**WORK TO COMPLETE**
Quote every line of the data below as it stands, omitting pictures.
━━━━━━━━━━━━━━━━━━━━━━━━━━━━━━
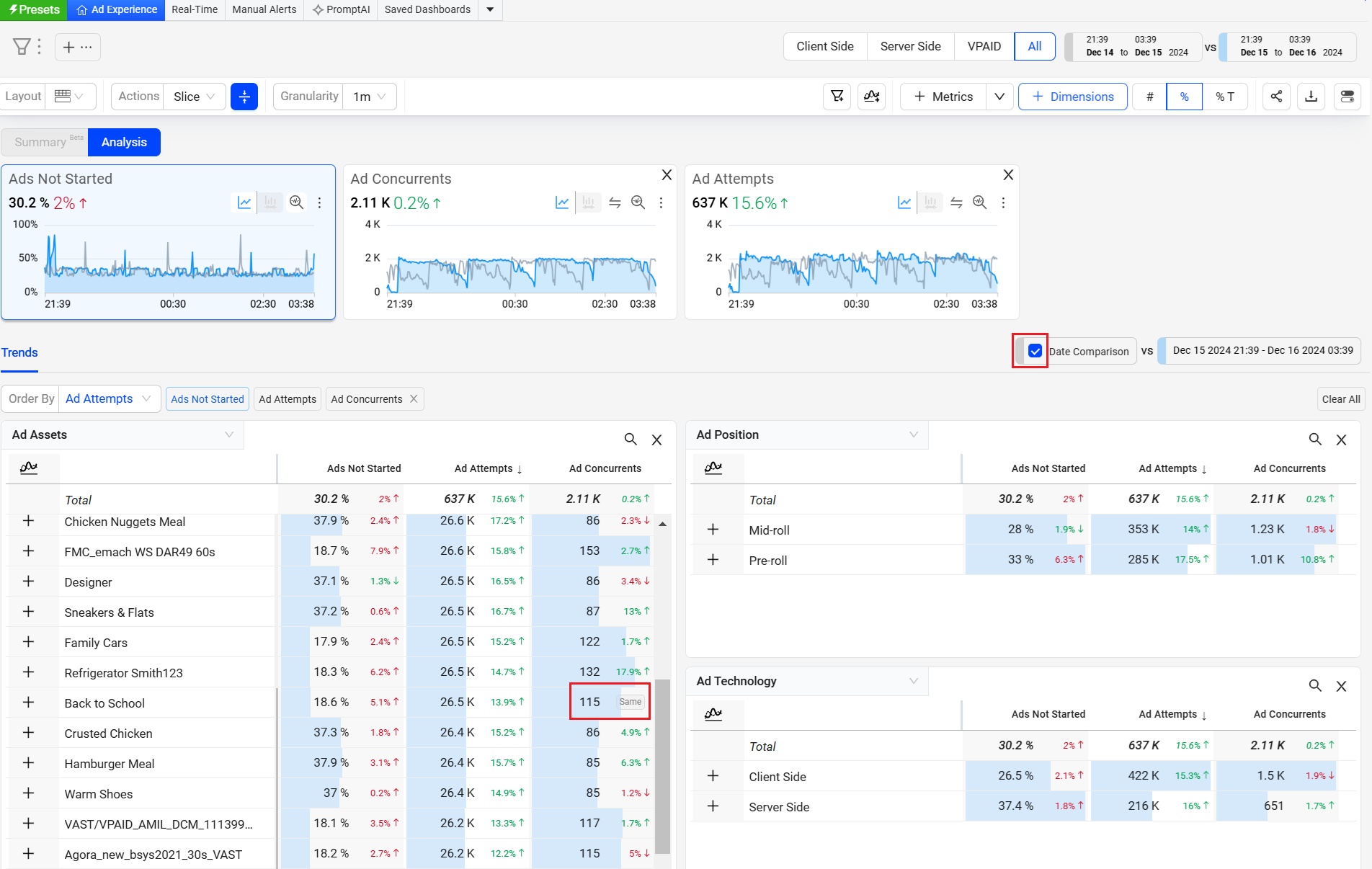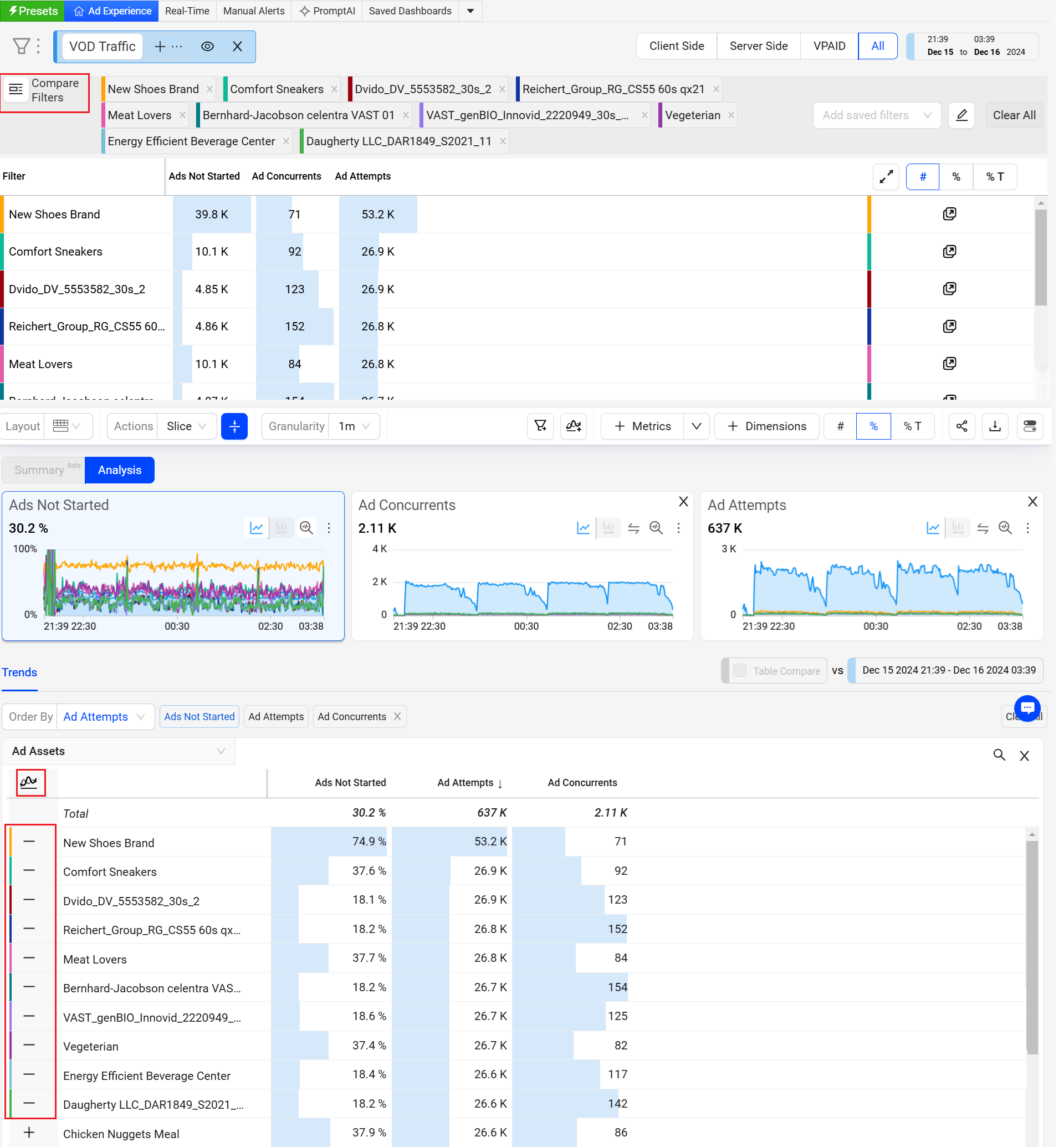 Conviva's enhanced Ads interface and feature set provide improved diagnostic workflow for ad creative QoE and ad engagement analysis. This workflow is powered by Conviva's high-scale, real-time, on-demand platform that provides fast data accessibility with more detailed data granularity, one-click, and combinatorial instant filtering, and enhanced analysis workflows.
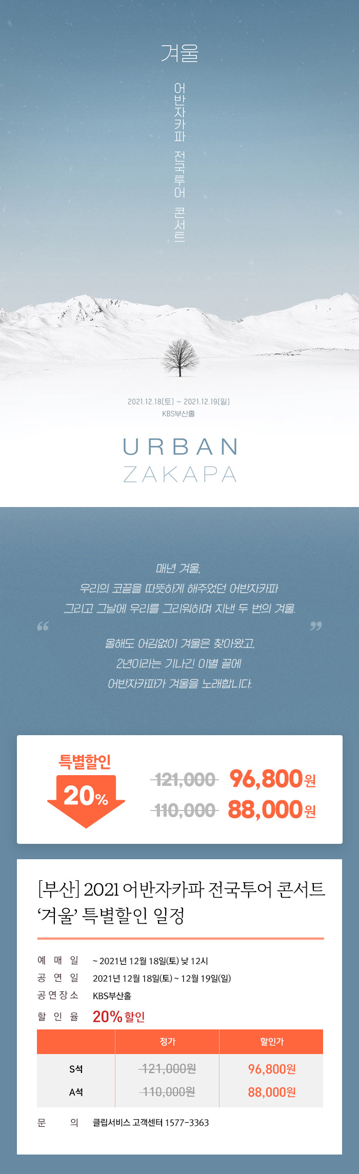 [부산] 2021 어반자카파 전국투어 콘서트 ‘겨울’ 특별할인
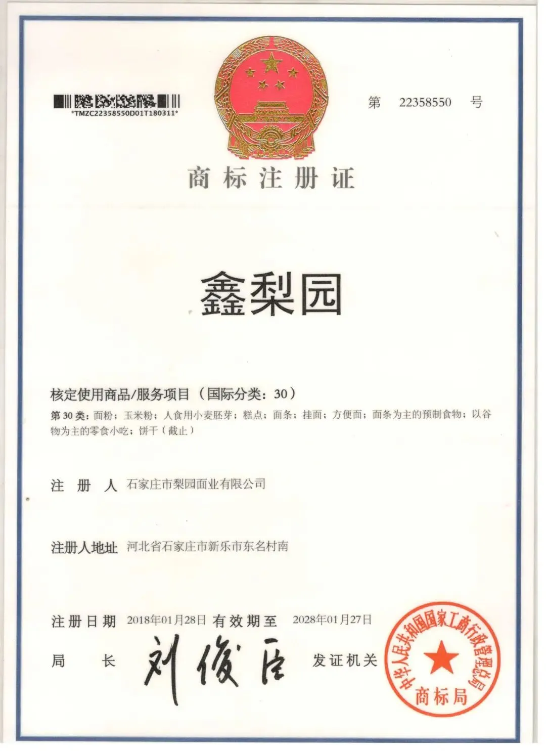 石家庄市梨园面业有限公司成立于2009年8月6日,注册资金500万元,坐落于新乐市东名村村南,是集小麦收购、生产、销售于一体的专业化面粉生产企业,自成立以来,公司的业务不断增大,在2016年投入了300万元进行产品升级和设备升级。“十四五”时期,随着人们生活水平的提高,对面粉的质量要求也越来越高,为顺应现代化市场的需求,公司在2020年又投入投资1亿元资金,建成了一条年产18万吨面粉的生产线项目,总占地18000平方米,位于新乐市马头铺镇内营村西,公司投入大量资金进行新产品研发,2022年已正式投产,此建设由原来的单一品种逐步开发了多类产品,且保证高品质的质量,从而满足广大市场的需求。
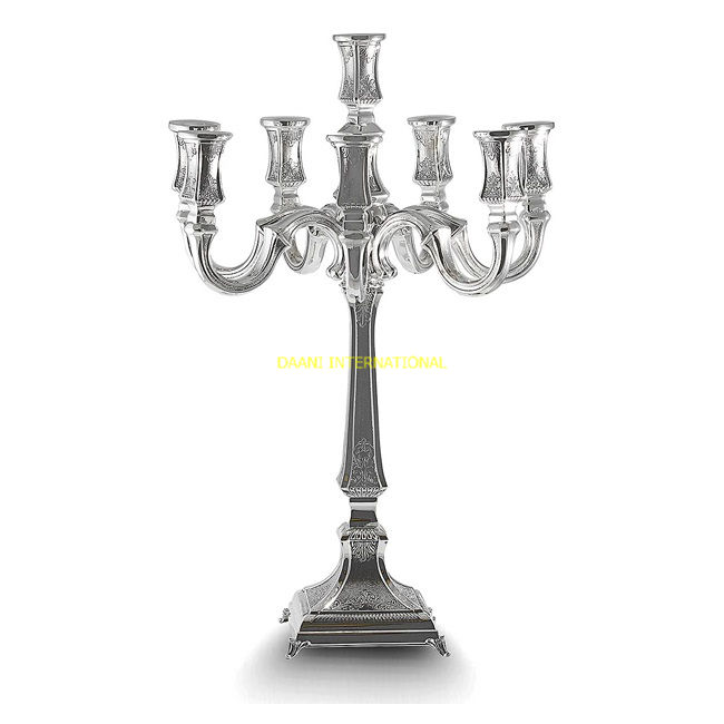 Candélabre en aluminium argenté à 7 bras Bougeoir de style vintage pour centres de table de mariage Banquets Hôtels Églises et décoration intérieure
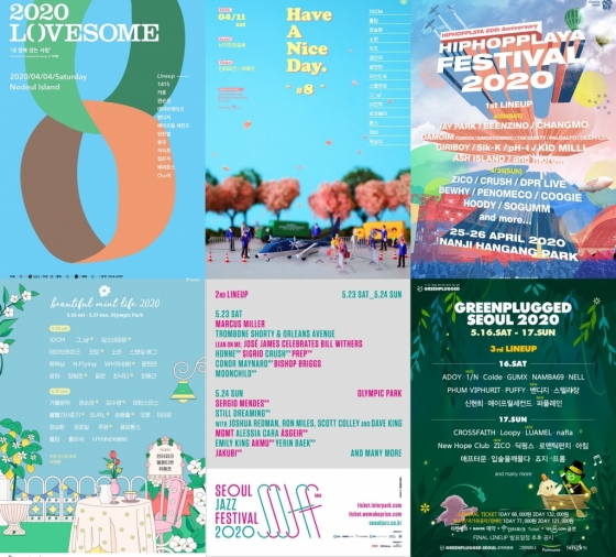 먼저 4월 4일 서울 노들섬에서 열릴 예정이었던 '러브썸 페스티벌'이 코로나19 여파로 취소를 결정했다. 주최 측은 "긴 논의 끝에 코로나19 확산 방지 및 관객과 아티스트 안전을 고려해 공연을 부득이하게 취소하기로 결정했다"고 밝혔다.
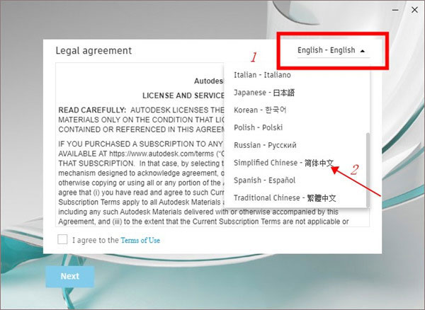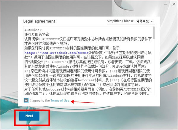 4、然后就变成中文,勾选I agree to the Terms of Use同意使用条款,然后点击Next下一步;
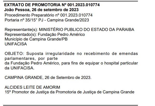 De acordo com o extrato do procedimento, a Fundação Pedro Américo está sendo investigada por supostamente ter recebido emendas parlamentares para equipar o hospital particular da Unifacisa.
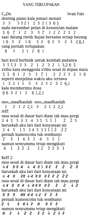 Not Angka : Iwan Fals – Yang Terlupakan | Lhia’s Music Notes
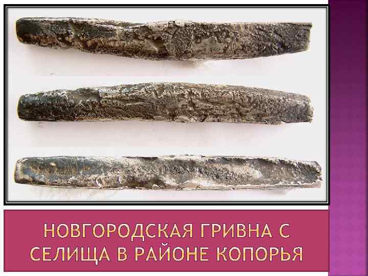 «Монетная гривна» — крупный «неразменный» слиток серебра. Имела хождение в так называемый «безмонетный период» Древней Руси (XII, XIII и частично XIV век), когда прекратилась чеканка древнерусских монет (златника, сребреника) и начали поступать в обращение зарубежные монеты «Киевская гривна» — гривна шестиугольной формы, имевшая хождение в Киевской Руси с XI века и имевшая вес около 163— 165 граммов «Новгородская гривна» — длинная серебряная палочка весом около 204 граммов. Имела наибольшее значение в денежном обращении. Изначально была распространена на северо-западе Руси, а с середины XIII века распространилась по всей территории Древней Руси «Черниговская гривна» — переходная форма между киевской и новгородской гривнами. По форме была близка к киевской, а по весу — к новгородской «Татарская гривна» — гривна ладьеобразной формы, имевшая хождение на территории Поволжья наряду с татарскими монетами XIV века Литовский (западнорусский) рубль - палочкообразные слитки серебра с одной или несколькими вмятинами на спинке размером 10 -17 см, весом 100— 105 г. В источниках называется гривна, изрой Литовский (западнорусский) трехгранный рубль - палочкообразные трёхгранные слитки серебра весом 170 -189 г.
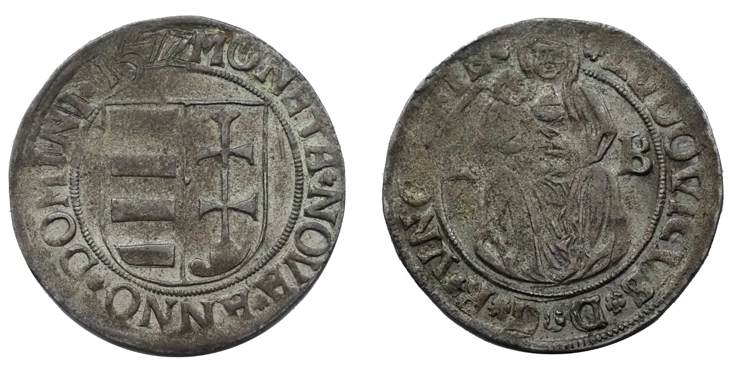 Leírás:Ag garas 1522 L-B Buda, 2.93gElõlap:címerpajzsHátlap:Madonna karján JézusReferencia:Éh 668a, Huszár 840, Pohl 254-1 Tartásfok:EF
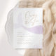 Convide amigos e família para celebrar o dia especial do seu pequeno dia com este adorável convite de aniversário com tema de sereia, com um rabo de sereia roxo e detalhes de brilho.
━━━━━━━━━━━━━━━━━━━━━━━━━━━━━━
**PROBLEM SOLUTION**
 Conviva's enhanced Ads interface and feature set provide improved diagnostic workflow for ad creative QoE and ad engagement analysis. This workflow is powered by Conviva's high-scale, real-time, on-demand platform that provides fast data accessibility with more detailed data granularity, one-click, and combinatorial instant filtering, and enhanced analysis workflows.
 [부산] 2021 어반자카파 전국투어 콘서트 ‘겨울’ 특별할인
 石家庄市梨园面业有限公司成立于2009年8月6日,注册资金500万元,坐落于新乐市东名村村南,是集小麦收购、生产、销售于一体的专业化面粉生产企业,自成立以来,公司的业务不断增大,在2016年投入了300万元进行产品升级和设备升级。“十四五”时期,随着人们生活水平的提高,对面粉的质量要求也越来越高,为顺应现代化市场的需求,公司在2020年又投入投资1亿元资金,建成了一条年产18万吨面粉的生产线项目,总占地18000平方米,位于新乐市马头铺镇内营村西,公司投入大量资金进行新产品研发,2022年已正式投产,此建设由原来的单一品种逐步开发了多类产品,且保证高品质的质量,从而满足广大市场的需求。
 Candélabre en aluminium argenté à 7 bras Bougeoir de style vintage pour centres de table de mariage Banquets Hôtels Églises et décoration intérieure
 먼저 4월 4일 서울 노들섬에서 열릴 예정이었던 '러브썸 페스티벌'이 코로나19 여파로 취소를 결정했다. 주최 측은 "긴 논의 끝에 코로나19 확산 방지 및 관객과 아티스트 안전을 고려해 공연을 부득이하게 취소하기로 결정했다"고 밝혔다.
 4、然后就变成中文,勾选I agree to the Terms of Use同意使用条款,然后点击Next下一步;
 De acordo com o extrato do procedimento, a Fundação Pedro Américo está sendo investigada por supostamente ter recebido emendas parlamentares para equipar o hospital particular da Unifacisa.
 Not Angka : Iwan Fals – Yang Terlupakan | Lhia’s Music Notes
 «Монетная гривна» — крупный «неразменный» слиток серебра. Имела хождение в так называемый «безмонетный период» Древней Руси (XII, XIII и частично XIV век), когда прекратилась чеканка древнерусских монет (златника, сребреника) и начали поступать в обращение зарубежные монеты «Киевская гривна» — гривна шестиугольной формы, имевшая хождение в Киевской Руси с XI века и имевшая вес около 163— 165 граммов «Новгородская гривна» — длинная серебряная палочка весом около 204 граммов. Имела наибольшее значение в денежном обращении. Изначально была распространена на северо-западе Руси, а с середины XIII века распространилась по всей территории Древней Руси «Черниговская гривна» — переходная форма между киевской и новгородской гривнами. По форме была близка к киевской, а по весу — к новгородской «Татарская гривна» — гривна ладьеобразной формы, имевшая хождение на территории Поволжья наряду с татарскими монетами XIV века Литовский (западнорусский) рубль - палочкообразные слитки серебра с одной или несколькими вмятинами на спинке размером 10 -17 см, весом 100— 105 г. В источниках называется гривна, изрой Литовский (западнорусский) трехгранный рубль - палочкообразные трёхгранные слитки серебра весом 170 -189 г.
 Leírás:Ag garas 1522 L-B Buda, 2.93gElõlap:címerpajzsHátlap:Madonna karján JézusReferencia:Éh 668a, Huszár 840, Pohl 254-1 Tartásfok:EF
 Convide amigos e família para celebrar o dia especial do seu pequeno dia com este adorável convite de aniversário com tema de sereia, com um rabo de sereia roxo e detalhes de brilho.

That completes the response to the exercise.